Surrealist painter or visual poet?

Several days ago, while chatting with a friend we broached the subject of  who is the greatest artist ever. We used the term ‘artist’ to mean painter. Now this chap is a research psychologist and his bent is to lean toward artists that have started multiple schools of painting. His first choice was Picasso. Me, being a perfect contrarian, retaliated with “no way”.  He rattled off the names of some of the accomplishments of Mr Picasso, and I of course continued to babble against that notion.

 

Thinking about the question, which of course has no answer, I thought then about some of the most underrated artists and why no one pays them much mind. In this category my hero is Renee Magritte.

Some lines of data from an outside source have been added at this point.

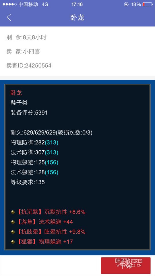 倩女幽魂中提高控制抗性可以减少被控制职业控制的时间,要将抗性堆到极致,双抗的装备是必须的!但是双抗在游戏中还是比较难洗的属性!但是小编听说有一双135等级名字叫卧龙的鞋子很爱出双抗,而且属性还都是固定的!不信你自己看! 更多精彩内容,尽在叶子猪倩女幽魂。 [编辑:子衿]
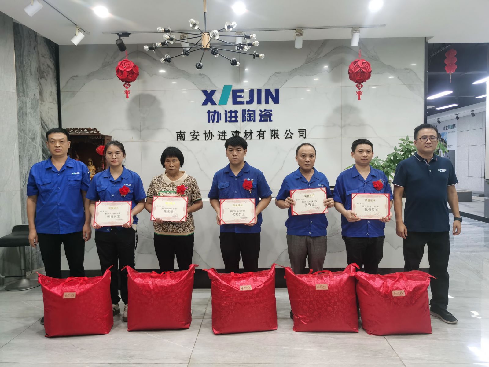 王少華總經理等公司領導為30名2023年度優秀員工頒發獎狀獎品,借此感謝全體協進人一年來的辛勤工作,祝福偉大的祖國繁榮昌盛、國泰民安。
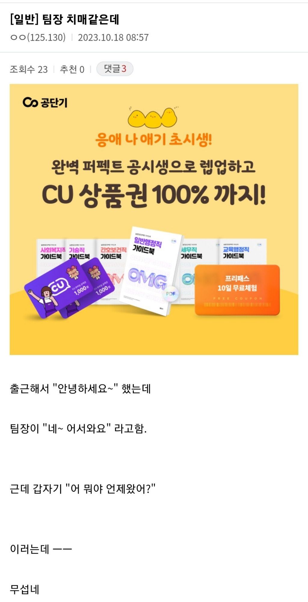 [기타]팀장이 치매 걸린것 같다는 디씨인 작성자음교수2|작성시간25.08.04|조회수1,264 목록 댓글 1 글자크기 작게가 글자크기 크게가 다음검색 현재 게시글 추가 기능 열기 북마크 공유하기 신고 센터로 신고 댓글 댓글 1 댓글쓰기 답글쓰기 댓글 리스트 작성자tnatropmI | 작성시간 25.08.04 ㅋㅋㅋ 댓글 전체보기
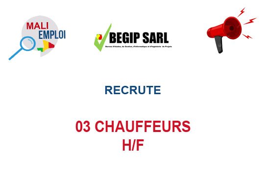 Le cabinet BEGIP (Bureau d’Etudes de Gestion, d’Informatique et d’Ingénierie de Projets) recherche, au compte d’un organisme, trois (03) chauffeurs avec les profils suivants :
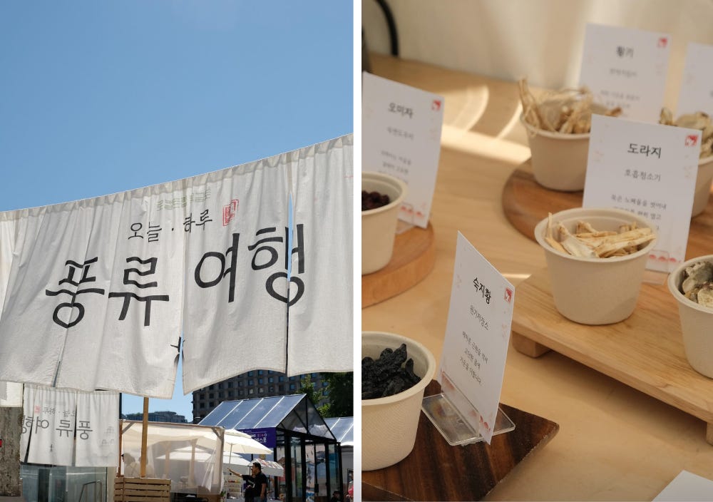 첫 번째 팝업의 주제는 ‘오늘 하루, 풍류 여행’이었어요. 서울 도심 속 루프탑에서 충북과 안동의 전통을 만나는 시간으로, 직접 갓끈을 만들거나, 키 링에 전통 매듭을 엮거나, 약재 향 주머니를 꾸미는 체험이 준비돼 있었죠. 손끝으로 느껴보는 풍류 체험을 두고 SNS에서는 ‘서울에서 이런 걸 할 줄 몰랐다’는 반응이 이어졌어요.
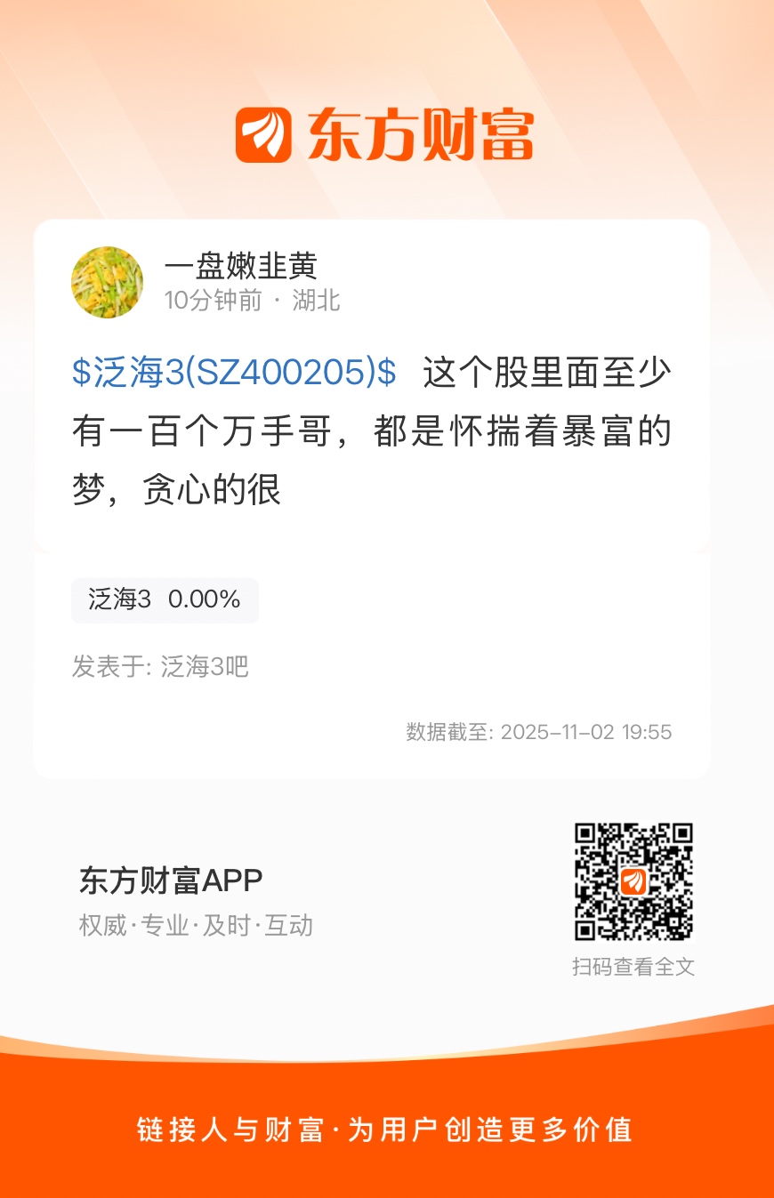 温馨提示: 1.根据《证券法》规定,禁止编造、传播虚假信息或者误导性信息,扰乱证券市场;2.用户在本社区发表的所有资料、言论等仅代表个人观点,与本网站立场无关,不对您构成任何投资建议。用户应基于自己的独立判断,自行决定证券投资并承担相应风险。《东方财富社区管理规定》

Magritte was for the most part classified as a surrealist, but I would call him more of a poetic painter. A writer of poetry and philosophy using paint and brush as his medium.

To put things in perspective, Magritte, was born in 1898 and lived into the late 1960s, 1967 to be exact. His first years were in Belgium and later he moved on to Paris. He spent a great deal of time with the Surrealists of Andre Breton, Max Ernst,  Giorgio deChirico and Picasso, along with Meret Oppenheim and Kaye Sage. Duchamp was in this group for a while, but openly declared himself ‘Not A Surrealist’…

Magritte was a studio-less painter. He did not paint in a wonderful studio covered with sketches and drawing and large skylights opening on to the Parisian nightscape. Instead, he painted in his home and as he said, “I am an artist, not a house painter, I do not spill paint on the carpet!”  True to his word he did not.